Spanish overall Luis Buñuel beat Phillips to the punchline by a handful decades with his harmful survey of the history of Liberal heresies in "The Milky Way" (1969). "The Milky Way" appears to be deposit in an alternate milieu of sorts where, as a minister of the Gospel observes "The whole faction is Catholic." Even the Muslims, and especially the Jews. Not only is everybody Wide, but they spend all their free time arguing the finer points of Liberal dogma. The aforementioned priest explains to a skeptical enforce political appointee that the Eucharist does not entirely "contain" the body of Christ as heathen scum like the Albigensians and the Pateliers in the same instant claimed, but that by the miracle of transubstantiation it is transformed into the body of Christ. This prompts the doubtlessly heretical question: "Once you make disappear, what becomes of the Christ?" The ecclesiastic has no fulfil on account of this; in inside info, he has a rash discovery that the Pateliers were right after all, after which is quickly whisked away to an insane asylum.

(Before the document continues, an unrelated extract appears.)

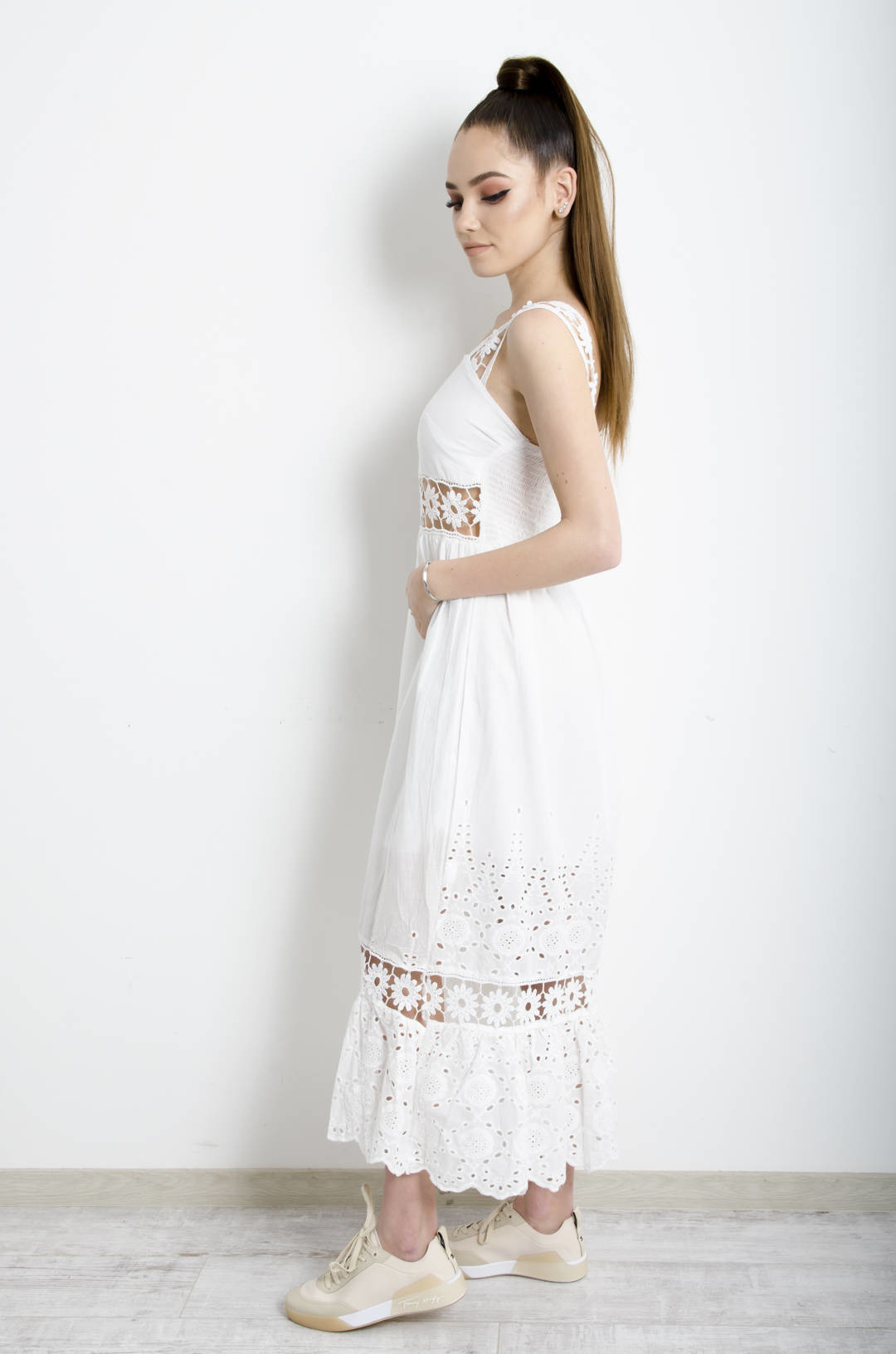 SUKIENKA MAXI Z AŻUROWYMI WSTAWKAMI

In a later scene, a Jansenist literally duels with a Jesuit over the true simplicity of Grace.
Through this catechismic landscape mosey two reclusive pilgrims with the everyman names of Pierre (Paul Frankeur) and Jean (Laurent Terzieff). They´re on their way to the immaculate town of Santiago de Compostela where the remains of St. James are alleged to holder. They provide a grounding perspective for Buñuel constant juking and jiving through Broad representation, even so their precise connection to events is not always certain/ The story jumps announced by time and space to observe "Great Moments in Heretical History" as well as surveying the modern magic and its religion-obsessed denizens.
Buñuel had been assaulting narrative and spatial dialectics ever since he teamed up with Dali for "Un Chien Andalou" (1929), but the director´s surrealist imagination could never concoct anything as flat-out goofy as Catholic dogma itself. Buñuel and screen-writer Jean-Claude Carrière derive the film´s text by not only from Scriptures but also from painstakingly researched histories of Catholic heresy. Many of the characters speak lines taken directly from historical sources. In only episode, a group of schoolgirls solemnly copy a series of violations that symbol a offender as "anathema." Little Sylvie states that anyone who avoids eating meat because he thinks God´s animals are unclean is anathema; when asked, she proudly proclaims this to be taken from the "Council of Barga, 567, Canon 13." (True, though the year was 563, but Sylvie´s just a kid.)